Bobs wife was the salt of the earth. I only met them a few times, but they seemed like a great couple and a great family with two lovely welll adjusted daughters that were thriving. She was kind, warm and smart, easy going and funny, and had a very rewarding career in technology while being a most excellent involved mother. Like many of us, she coulda lost a few, but she was a happy person that had created a happy family with this lucky man. So there may in fact be a book in there, somewhere, someday. I’ve always thought, oh, it’s just too long a story, but I guess that’s what books are for. And then there are Marilyn’s thoughts on where homosexuals come from.

In the back of my mind I’ve known that if I ever really did write a book, this is where I’d have to go. Because that is the story, the theme, the thread. It’s how you go from fucked up childhood, to fucked up twenties, to fucked up marriage, to fucked up pregnancies, to fucked up divorce and fucked up cancer and all sorts of fucked up things in between and find happiness in the process. How it takes some of us 50 years to get to where some people are emotionally in their twenties and where many people never get. Happy. At peace. Mistresses of their domain. How you wander along aimlessly with very little in your corner, no tethering support system of family or extended family and somehow you build a life. A quiet, peaceful life. How you become a poorly dressed, frumpy warrior princess at 51 with no boobs leading the way, shining light in the darkness. How you make peace with not having things you really wish you’d had, real parents, cousins, family picnics, family traditions and how while you tried to create those things by getting married and having babies it didn’t quite work out that way. You don’t have what you envy in some of the families around you, but you made it, you made it all by yourself and it’s beautiful and you don’t take a blessed thing for granted. It’s about that. It’s about not, not, not ever being a victim or making excuses, sorry victim/excuse loving culture. It’s about the ability we have to fix ourselves, it’s a choice, it’s our responsibility as human beings to grow and evolve and learn and change, and anyone with half a brain can do it (but you need at least half) It’s about laughing, it’s about ridiculous things, it’s about tenacity because is there really any other choice? It’s about making yourself do scary, scary things ike speaking out loud and then, after decades, expecting someone to listen, and then talking to strangers and before you know it you’re stranded in the dominican republic typing in an outdoor shaded lounge on a warm but not hot day listening to frank sinatra and having a cup of tea because you’re body just can’t, can not handle another coco loco.
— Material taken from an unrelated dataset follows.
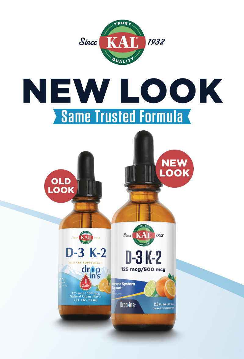 Like all our products, D-3 K-2 DropIns ingredients are lab tested for potency, purity and identity, so you can rely on KAL to deliver the support you’ve been looking for.
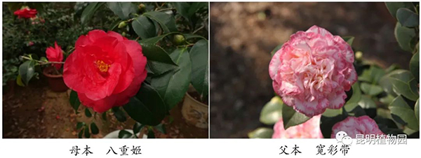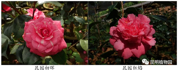 昆园初晖和昆园红焰均是以八重姬Camellia japonica 'Yae-hime'为母本,以宽彩带Camellia japonica 'Margaret Davis'为父本,获得的人工杂交F1代。它们与父母本在花型、花色上区别明显,虽为姐妹品种,但两者差异巨大,昆园初晖为完全重瓣型花,昆园红焰为托桂型花,花色和植株形态也各不一样。经过多年的连续观察,嫁接苗的各项形态性状表现一致,且与母株没有差别,表现出较好的一致性和稳定性。

And it’s about people, the awfulness and beauty of people and how unexpected people can touch you in unexpected ways at unexpected times. So this little essay is dedicated to Donna Golden and Anastasia Tompkins. Neither of which is my BFF, they are casual friends, esteemed acquaintances that because of that horrible/beautiful thing called FaceBook I stay in casual contact with, but they have chosen to read all of my posts and repeatedly say “book, book, book”, they have given me a much needed dose of confidence and encouragement so consistently since I started the blog. What I know about them is that they are smart, discriminating, very different women and I’m going to choose to trust them. I choose to stop or at least try to stop listening to that voice in my head that says, you are average at best, what do YOU have to say? you’re ok, you’re a little funny, a little interesting, but mostly a neurotic, insecure nutball (not an actual ball of nuts, i’m not that crunchy), I’m going to try to drown out that voice with Donna and Stasia’s voices. And I’m going to follow my bliss. I really fucking love to write. So fuck it, I’m a narcissist, I’m writing about myself, my observations, my perceptions. Read it or don’t. I’m a bad ass scuba diver, I can do what I want. Thank you ladies. And my BFFs, you know who you are, you are my family. But seriously, who’s picking me up at the airport?